As for Stephen, he dug into his dessert with noisy relish, expressed by the "hmmhmmhmm" noises that he made as he devoured his treat. The funny thing is that when I started to copy him he acted as if I were the strange one, and he practically insisted that he hadn't been making a similar noise when I told him that he had been. Then he started to tell me every joke that he could think of at the moment. After all, "We have a joke book that's the size of our couch," he informed me. Even though part of the time I couldn't always tell what he was saying (or even if I did, it made no sense), I often laughed anyway, just because it was so fun to see him enjoy his jokes so immensely.
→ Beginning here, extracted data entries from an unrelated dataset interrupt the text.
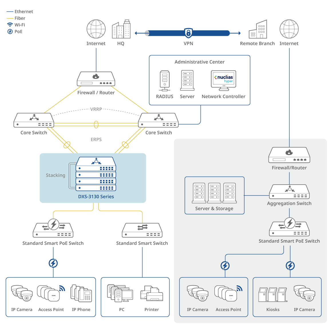 Stödjer mångsidiga funktioner från VRRP, ERPS, STP och fysisk stackning för att förbättra nätverkets motståndskraft
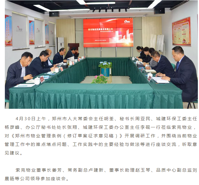 为立法建言献策 助物业健康发展——郑州市人大常委会莅临威廉希尔物业进行调研
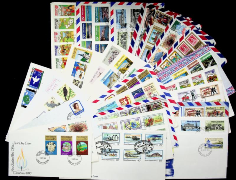 New Zealand collection of 28 variously cancelled airmail covers/ commemorative FDC to USA/ Canada
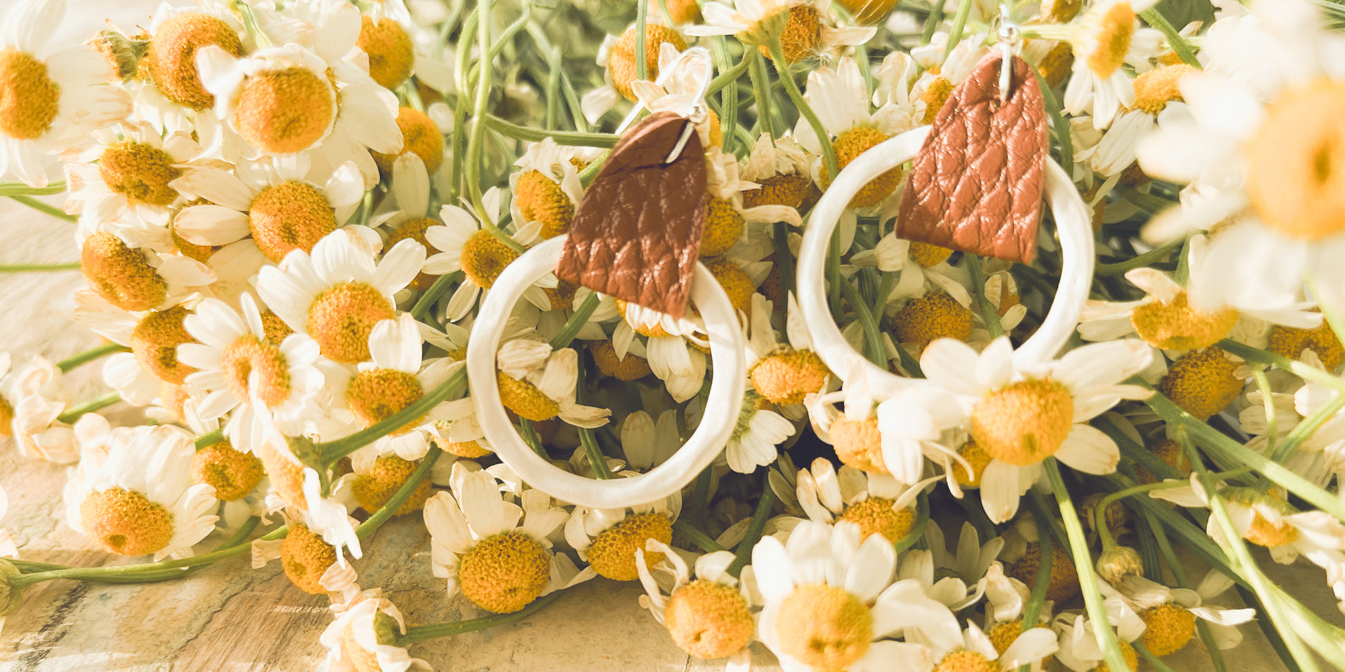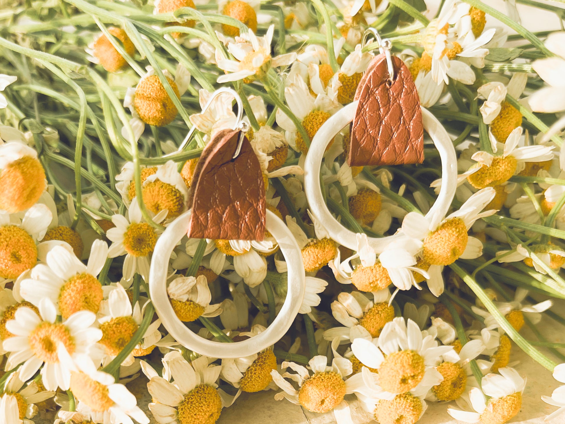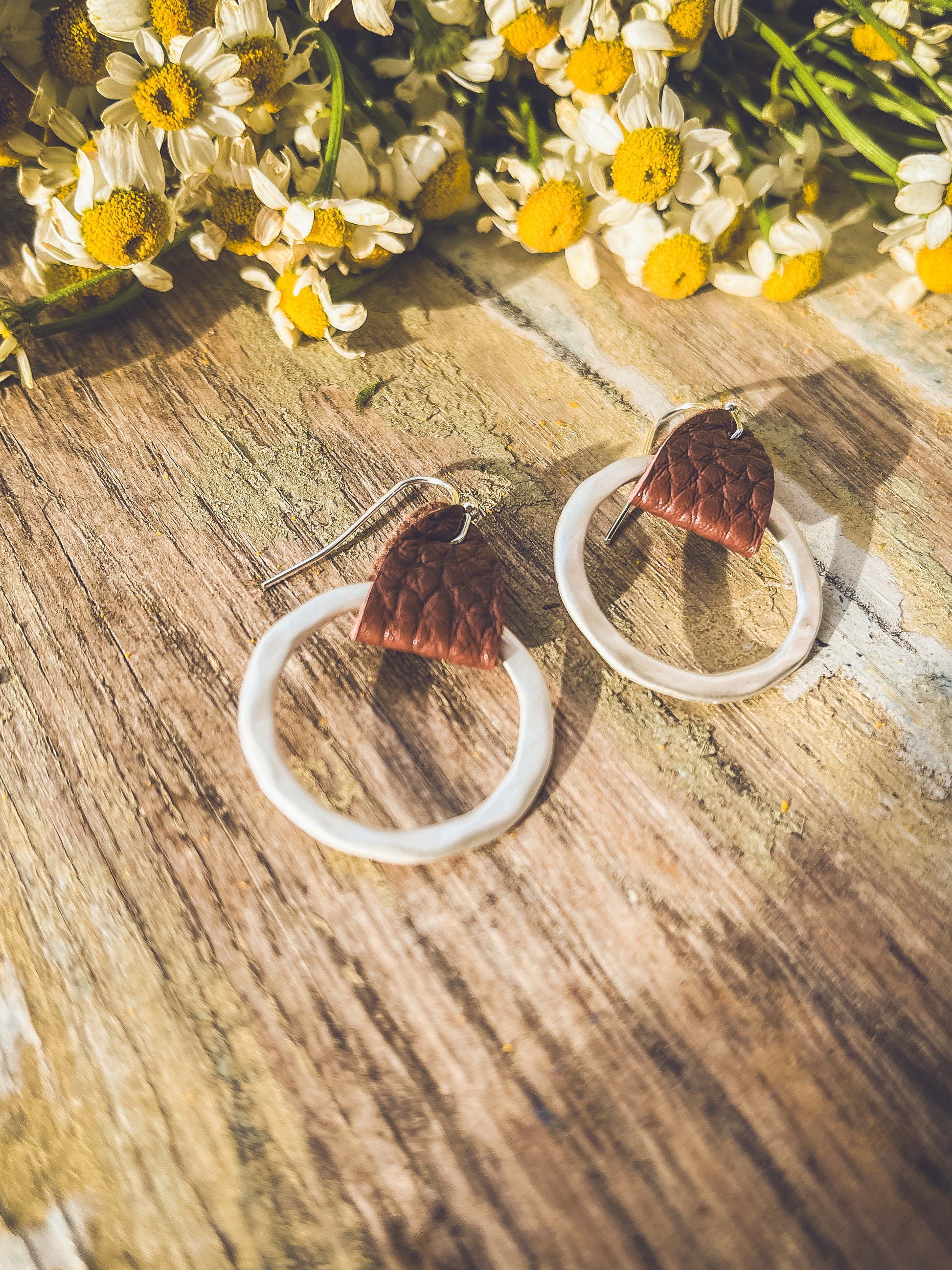 These stylish earrings feature a unique combination of leather with a classic finished hoop design. Made with high-quality materials, these earrings are durable and lightweight, making them comfortable to wear. Order now and add a touch of sophistication and edge to your look with these beautiful and fashionable earrings that are perfect for any occasion! Roughly the size of a quarter
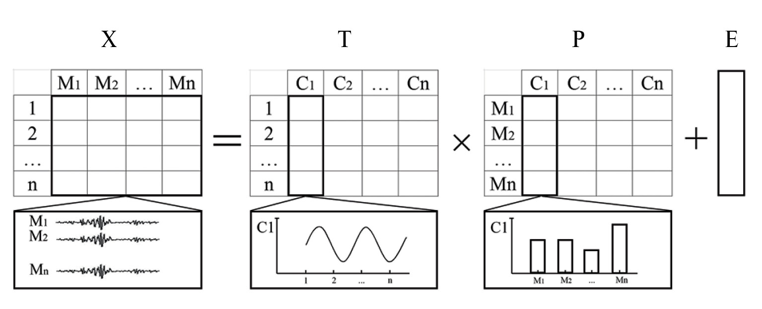 Рис. 1. Схема разложения матрицы данных на компоненты и выделения пространственно-временной структуры синергий.
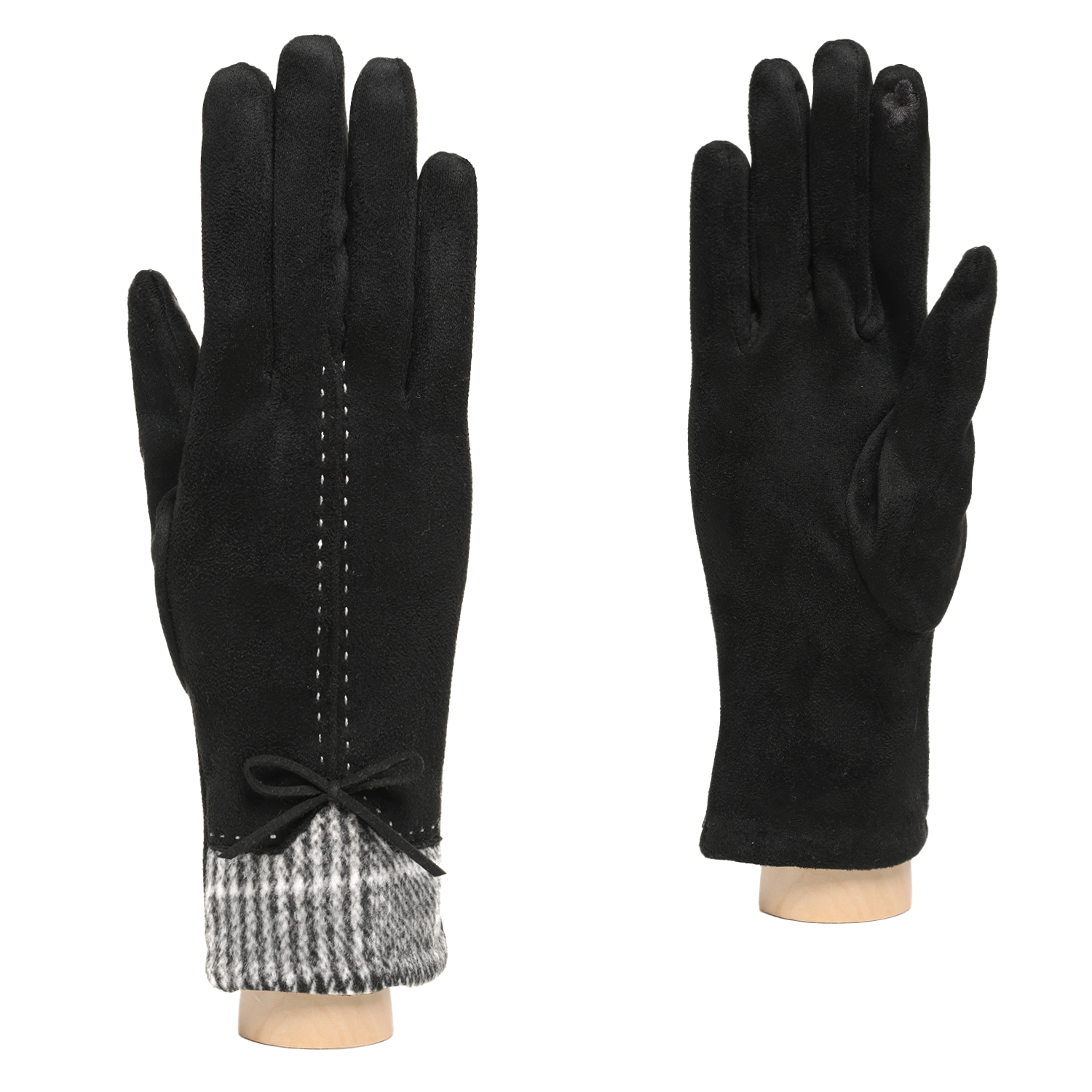 Современные женские перчатки итальянского бренда FABRETTI из экозамши черного цвета. Изнаночная сторона дополнена коротким, но теплым экомехом.

I wish I could remember all the jokes that this clever little six-year-old told me, but here are a couple as I roughly remember them.  
 
 
"Have you heard this one?" Stephen asked. "Uh, my father is Chinese, um, yeah, and my mother is Japanese, and I'm Japanese-Chinesey!" Or maybe he said, "You're cheesy!" Whichever version he said to me, someone was pretty sure that the latter was Stephen's altered punch line when they heard him tell this joke.
 
 
Or,
 
 
"Um, my daddy is a mosquito, my mommy is a daddy-long-legs, so that makes me a sheepie!" he laughed heartily. This time I was quite stumped, so I confessed to him that I didn't get it.
 
 
"You don't get it?" if he was surprised, he didn't show it too expressively. "Well, I turned into hot water--get it now?"
 
Oh, of course!
 
Not.
 
 
Or all that's what I think he said. Don't ask me to explain the joke--I'm probably more clueless than anybody. However, it still managed to tickle me, mostly because Stevie was so tickled. After all, who doesn't like to laugh just because a kid thinks he's so funny? I imagine people have done it with me plenty of times.:)
 
 

1 comment:

Aaron said...

Haha! Those were some pretty impressive jokes. I almost wonder if with that last one was Stephen pulling a "Skunks in the bathtub" on you. :) Whatever it was, it made me laugh.